Charles W. Lowell facts for kids
Charles Winthrop Lowell (November 20, 1834 - October 3, 1877) was a lawyer, commanding officer of a "colored" unit of the Union Army during the American Civil War, state legislator and postmaster in New Orleans, Louisiana.
He was born in Farmingham, Maine November 20, 1834 to Hon. Phillip Smith Lowell and Harriet Butler Lowell. In 1859 he graduated from Bowdoin College before going on to study law with the father of his future wife Hon. Charles P. Chandler. He was admitted to the Maine Bar January, 1860.
He married Mary Elizabeth Chandler June 1860, and together they had a daughter born January 18, 1864 named Mary Chandler Lowell, and unfortunately Mary Elizabeth died just six days after giving birth. Around 1870 he got married again to Sarah "Sally" W. Huff, but they did not have any children together.
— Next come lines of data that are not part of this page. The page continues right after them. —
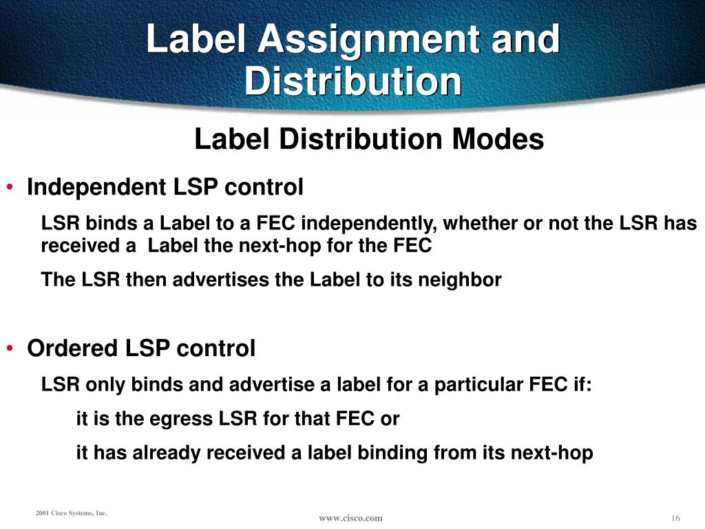 Label Assignment and Distribution • Labels have link-local significance • Each LSR binds his own label mappings • Each LSR assign labels to his FECs • Labels are assigned and exchanged between adjacent neighboring LSR • Applications may require non-adjacent neighbors
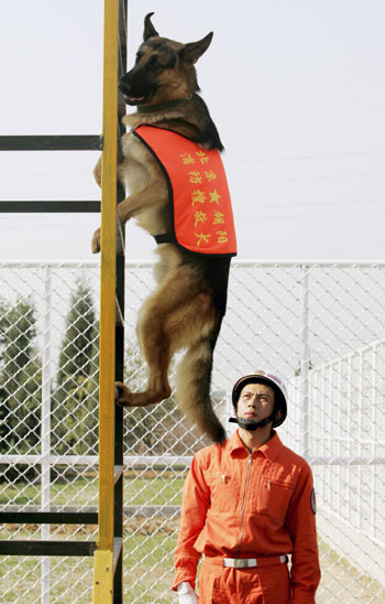 A rescue dog undergoes training inside a fire-fighting base in Beijing November 1, 2006. Beijing's first rescue dog squad, which will be used for disaster relief, are being trained for the 2008 Olympics, local media reported. [Reuters]
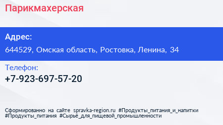 Парикмахерская по адресу 644529, Омская область, Ростовка, Ленина, 34 в дальнейшем Организация, размещена в следующих категориях:
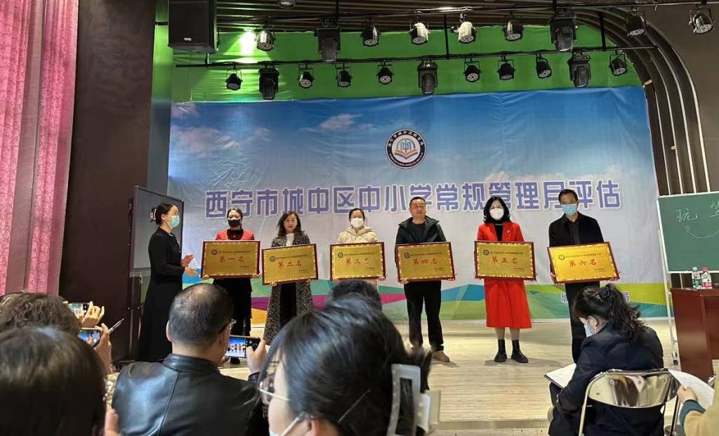【第四环节)公布评估结果。城中区教育局党组书记、局长为前六名谢家寨小学、南川东路小学、沈家寨小学、龙泰小学、北大街小学、华罗庚实验学校(小学部)颁发奖牌。

February 1863 he was appointed by Governor Abner Coburn to serve as a captain of the United States Colored Troops, and continued to serve after the war ended.
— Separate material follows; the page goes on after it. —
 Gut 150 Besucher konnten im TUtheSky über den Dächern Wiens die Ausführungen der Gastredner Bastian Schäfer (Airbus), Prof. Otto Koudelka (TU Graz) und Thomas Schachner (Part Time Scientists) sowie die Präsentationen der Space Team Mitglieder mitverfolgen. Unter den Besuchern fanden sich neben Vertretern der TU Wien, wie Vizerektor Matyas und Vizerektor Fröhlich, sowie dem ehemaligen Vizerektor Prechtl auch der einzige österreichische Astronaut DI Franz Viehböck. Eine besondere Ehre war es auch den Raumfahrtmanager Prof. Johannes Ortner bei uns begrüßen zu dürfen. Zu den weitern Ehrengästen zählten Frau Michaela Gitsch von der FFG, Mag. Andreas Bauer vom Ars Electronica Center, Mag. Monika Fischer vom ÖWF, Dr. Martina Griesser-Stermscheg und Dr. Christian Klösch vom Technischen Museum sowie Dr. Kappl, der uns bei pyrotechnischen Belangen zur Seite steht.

He settled in New Orleans after the war, and was first a colonel and then was appointed to the position of provost marshal general.
He served as Speaker of the Louisiana House of Representatives, first elected July 1868, and then again unanimously elected December 9, 1872. He was identified as from Jefferson when he was re-elected as speaker in 1872.
In May 1877 he left New Orleans to return to New England where he was expected to die as he had been in bad health for two years and had been declining recently. He died October 3, 1877 in Foxcroft, Maine.